Middle East Quarterly

Fall 2002

Volume 9: Number 4

Security in the Persian Gulf

Origins, Obstacles, and the Search for Consensus

Arabs, Middle Easterners, and Muslims are the usual categories in which we think about the peoples of the Persian Gulf. If asked what is distinctive about those residing around the gulf, we might add the words “oil-rich.” In a lengthy and extensively documented essay, M.R. Izady argues that those living around the Persian Gulf form a distinctive society. “Gulfies” are only loosely connected to the hinterlands, with those on the Iranian coast having more in common with those on the Arab side of the gulf than with the rest of Iran. And “Gulfies” interacted with the other societies around the Indian Ocean in Africa and the subcontinent fully as much as they did with the rest of the Middle East.

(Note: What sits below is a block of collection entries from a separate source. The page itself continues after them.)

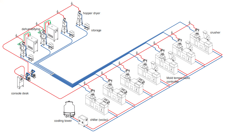 · 中央控制台采用国外先进PLC控制,通过程序控制显示每台注塑机的吸料、开机、缺料报警等操作;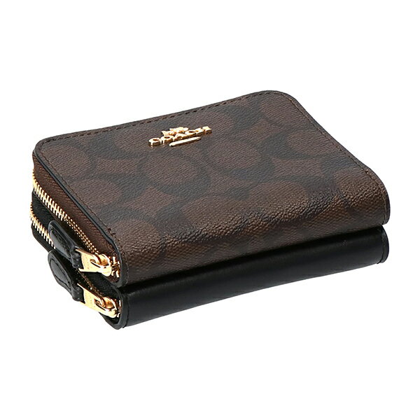 商品タグ:コーチ アウトレット COACH OUTLET 2つ折り財布 シグネチャー SIGNATURE スモール ダブルジップ アラウンド ウォレット メタルロゴ 総柄 ラウンドジップ エレガント フェミニン レディース BROWN/BLACK(ブラウン/ブラック) 送料無料 おすすめ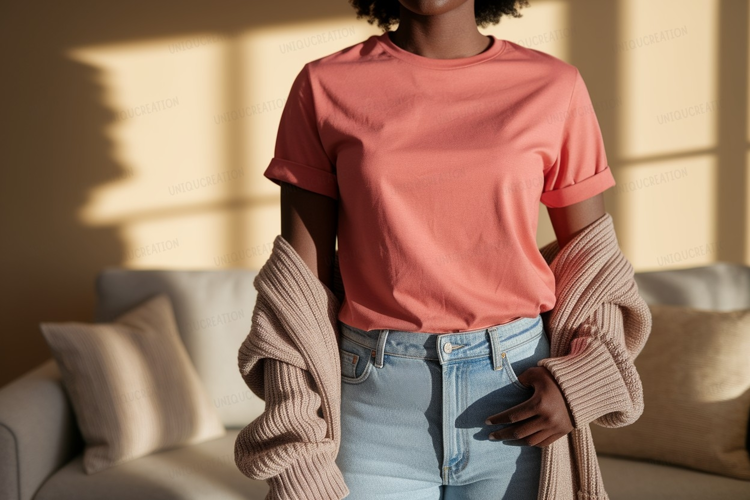Light Fashion Casual Woman Tee Jeans Coral Outfit Cozy Cardigan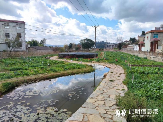 冬日暖阳下,来到朱家箐村小组,只见曾经高低不平且杂乱的僵化土地,如今已蜕变成137块大小均匀的生态菜园,中心位置被一个极为耀眼的“花卉五角星”所装点。曾经纵横错杂的“污水沟”也已化身成一条阶梯式瀑布河沟,里面长满了睡莲、茨菇和各种绿植,还有小鱼、龙虾、泥鳅在其中悠游着。当您带上家人来到这里,撸起裤脚,河沟便是孩子嬉戏的“乐土”,打捞上来的小鱼小虾统统可以免费带回家。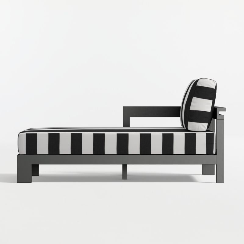 Walker Left-Arm Metal Outdoor Chaise with Black and White Cabana Stripe Sunbrella ยฎ Cushions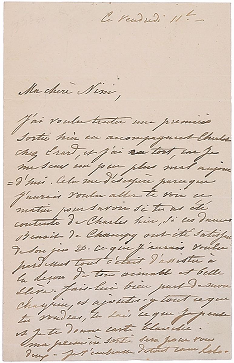 Irish dancer and actress (1821–1861) who became famous as a ‘Spanish dancer,’ courtesan, and the mistress of King Ludwig I of Bavaria, who made her Countess of Landsfeld. ALS in French, signed “Lola,” one page, 5.25 x 8.25, no date. Letter to Nini, in full (translated): “I wanted to attempt a first outing yesterday accompanying Charles to Erard’s, but I was wrong as I am feeling a little worse today. This is disappointing because I should have liked to go and see you this morning to find out if you were happy with Charles yesterday, and if the Benoit ladies from Champy were satisfied with his father. What I should have liked above all was to be present at the lesson of your charming and beautiful pupil. Let her know of my disappointment, and add anything you think appropriate, you know what I think and give you carte blanche. My first outing will be to you both.” In fine condition, with several horizontal folds and light creasing.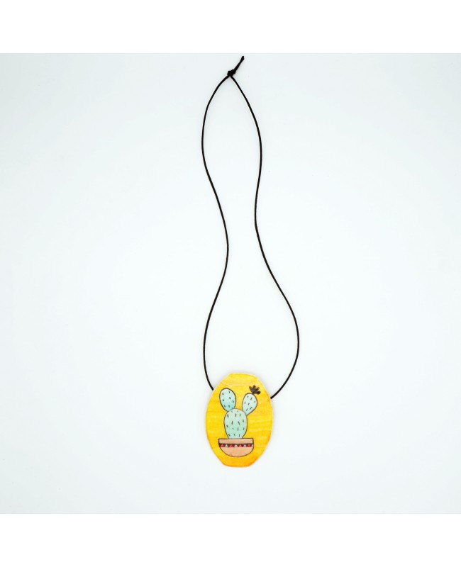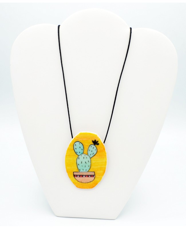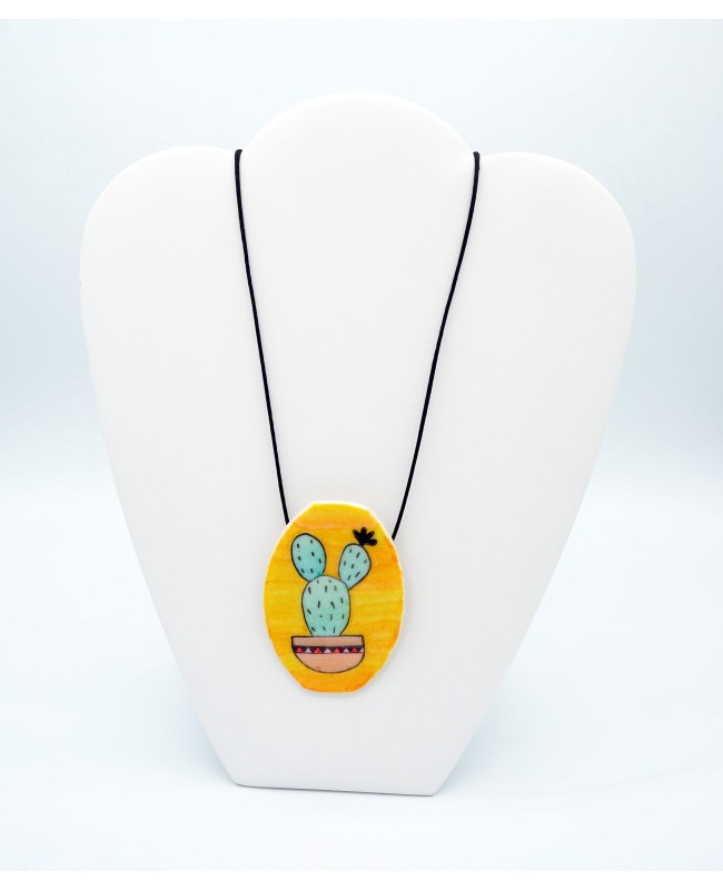 If you love original, 100% handmade jewelry, you’ll love this long necklace. The cactus pendant is a unique creation handcrafted from polymer clay. Set on a white base, we've added a design representing a cactus in a pot. A fresh and original nod to nature, this pendant measures 5.5 cm wide by 8.5 cm long. It hangs from a sleek black satin cord.
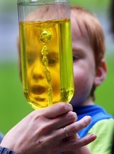 Adkinson explained an experiment, called the Cartesian diver, which uses a capped plastic bottle full of water. Inside, an eyedropper weighted with a nut floats at the top, but when the bottle is squeezed, pressure forces water up the dropper, causing it to sink.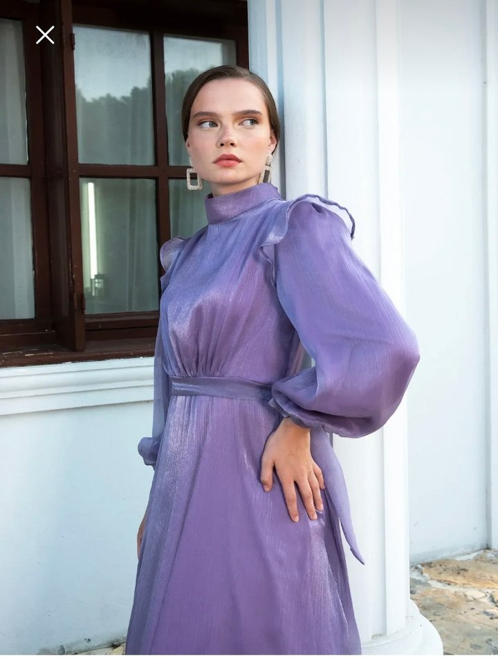 Birgül Bektaş marka abiye 38beden belinden kuşaklı abiye elbise uzun mor abiye elbise yüksek yakalı ve uzun kolludur, drapeli tasarıma sahiptir. Düzenli kesim ve pastel tonlarda batik desen içerir, modern klasik ve göz alıcı bir stildir. Bir kere kullanıldı hiçbir kusuru yok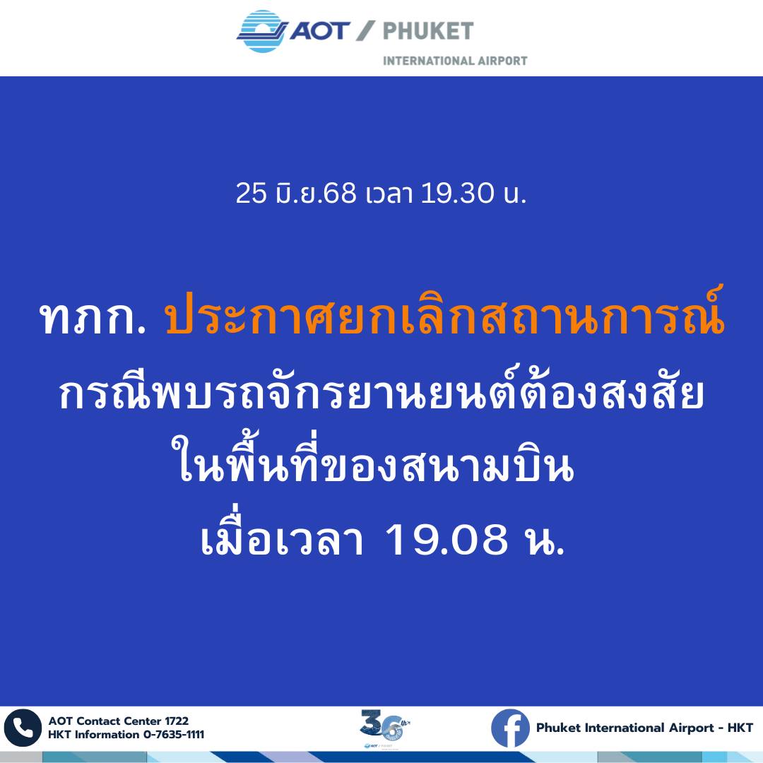 วันที่ 25 มิถุนายน 2568 เวลา 16.10 น. ศูนย์รักษาความปลอดภัยท่าอากาศยานภูเก็ต ได้รับแจ้ง พบรถจักรยานยนต์ต้องสงสัยจำนวน 1 คัน จอดทิ้งไว้บริเวณลานจอดรถจักรยานยนต์ ฝั่งอาคารผู้โดยสารภายในประเทศ ท่าอากาศยานภูเก็ต (ทภก.) โดยก่อนหน้านี้มีรถจักรยานยนต์เข้ามาจอดจำนวน 2 คัน แต่มีการขับออกไปเพียง 1 คัน อีกคันถูกทิ้งไว้โดยไม่มีผู้แสดงตัวเป็นเจ้าของ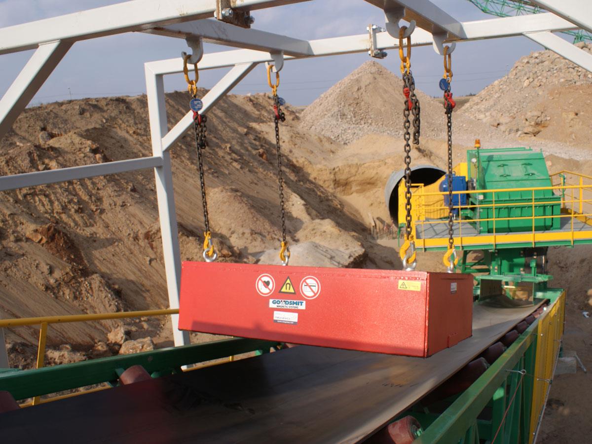 Magnes blokowy jest zawieszany nad taśmą transportową na łańcuchach lub kablach. Integracja tych separatorów może znacząco poprawić wydajność separacji: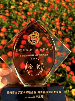 3月26日,由杭州市文学艺术界联合会、共青团杭州市委员会主办的第四届在杭高校大学生曲艺展演决赛在浙江水利水电学院举行。演教学院表演艺术专业原创相声《智能时代》与浙江大学、浙江传媒学院、浙江警察学院等高校节目进行决赛展演,在八个作品中脱颖而出荣获金奖。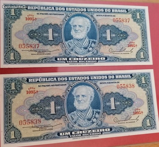 Preço: 3 €Notas do Brasil de 1 Cruzeiro, de 1956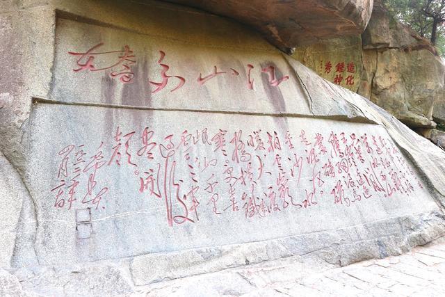 泰山中路“斩云剑”以北的盘路侧,你会看到镌刻着毛主席的《七律·长征》诗手迹的一处摩崖石刻。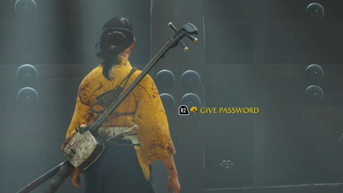 Approach the outer gate and shoulder past the waiting ronin. Interact with the large double doors to give the passphrase. When prompted, select the line exactly as written: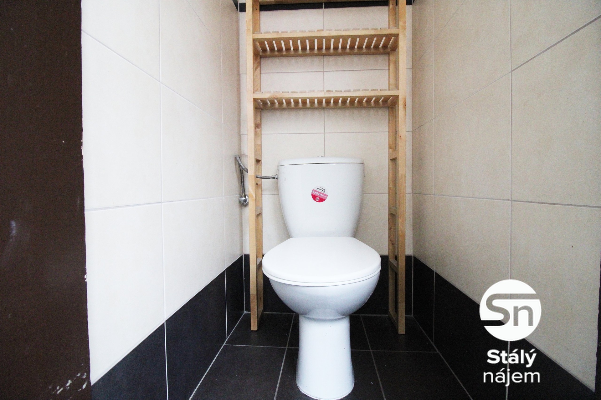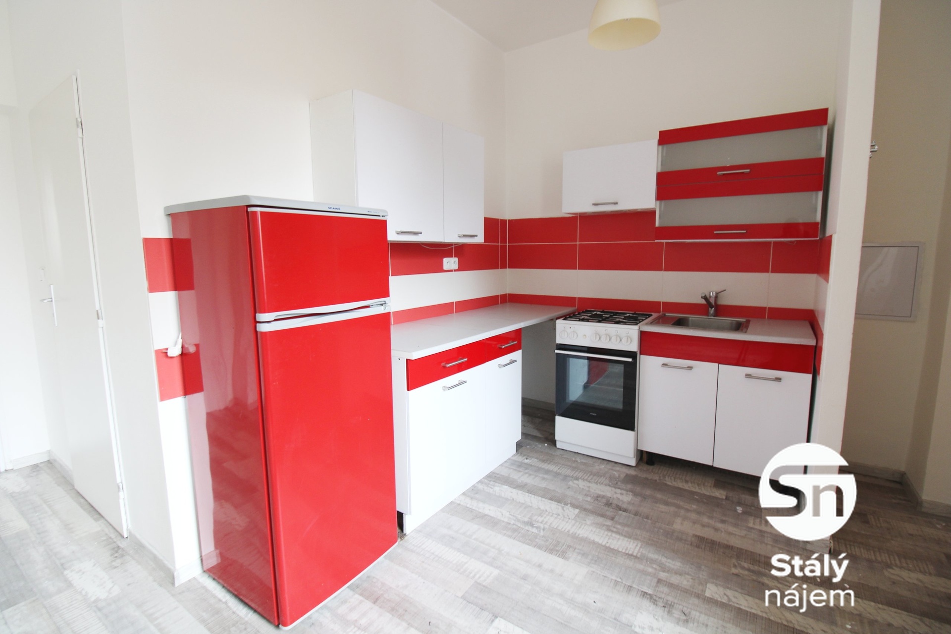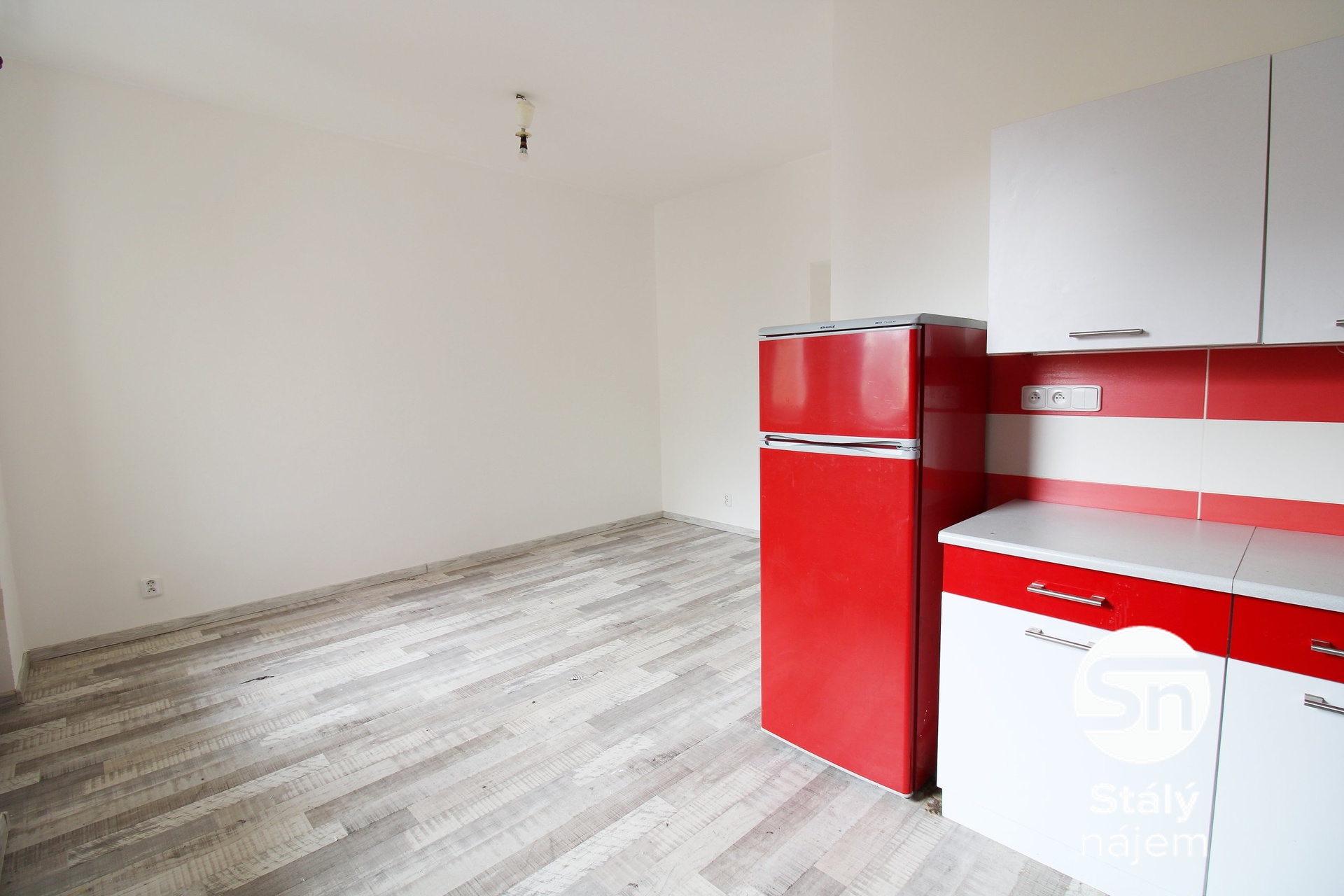 Obývací pokoj je spojený s kuchyňským koutem, který je vybaven kuchyňskou linkou s elektrickou troubou, plynovým sporákem a lednicí s mrazákem. Obývací část je nezařízená, takže si ji můžete zařídit dle vlastních představ. Další pokoj je nezařízený a můžete si z něj vytvořit ložnici či dětský pokoj. Koupelna disponuje sprchovým koutem, pračkou a umyvadlem s úložnými skříňkami. Toaleta je umístěna na pavlači mimo byt.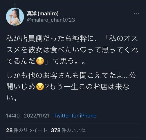 しかも他のお客さんも聞こえてたよ…公開いじめ😣?もう一生このお店は来ない。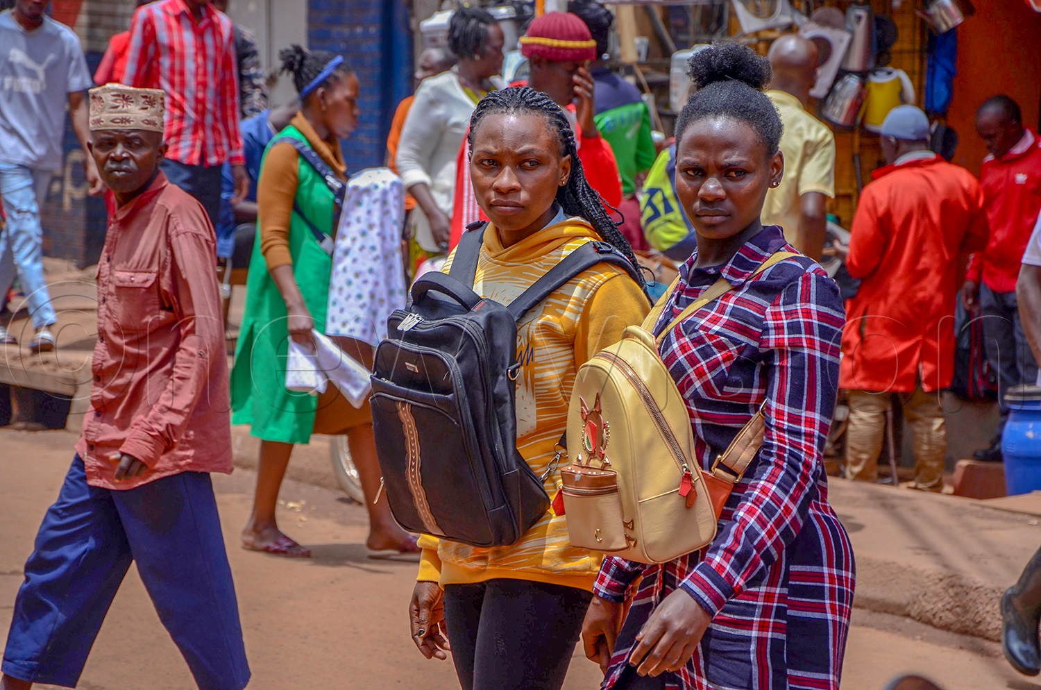 Ladies walking along Namirembe Road with their bags in front. It is common to see travellers carrying their backpacks in front. (Photo by Colleb Mugume)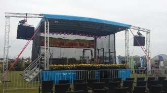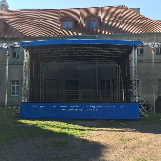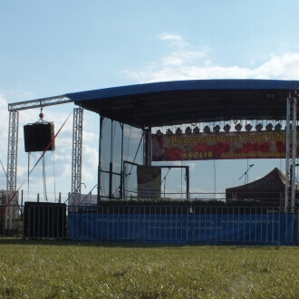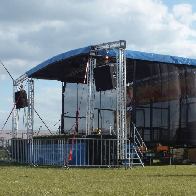 Mobilna scena o wymiarach 7,6 x 6 x 5,1m z dachem łukowym profilowanym, produkcji firmy ALSPAW, posiadająca wszelkie atesty krajowe i zagraniczne dla tego typu urządzeń.Scena ze względu na krótki czas montażu może być użyta w kilku miejscach w ciągu doby.

But, as Ibrahim Karawan argues, the modern trend has been the assertion of primacy of the state, including the incorporation by Iran and Saudi Arabia of their gulf littorals into a national society. Indeed, the main focus of this volume is on the differences between Iran and its Arab gulf neighbors. Essays by an Iranian (Jalil Roshandel), an Arab (Hassan al-Alkim), and a Briton (Richard Schofield) examine the emotional dispute over islands contested between Iran and the United Arab Emirates, an issue on which neither side appears prepared to compromise. A pair of articles (by Abdullah Alshayji and Bijan Khajehpour-Khoei), examining Iranian views of the Arab gulf states and vice-versa, illustrates that there is no love lost between the two sides. And analyses of the next generation show how Iran and Saudi Arabia are headed in different directions: Mohammad Hadi Semati finds that Iran’s youth is demanding more social, economic, and political reform, while Mai Yamani argues that Saudi Arabia’s educated youth is ambivalent about transformations that would threaten the stable world of extended families relying on patrons.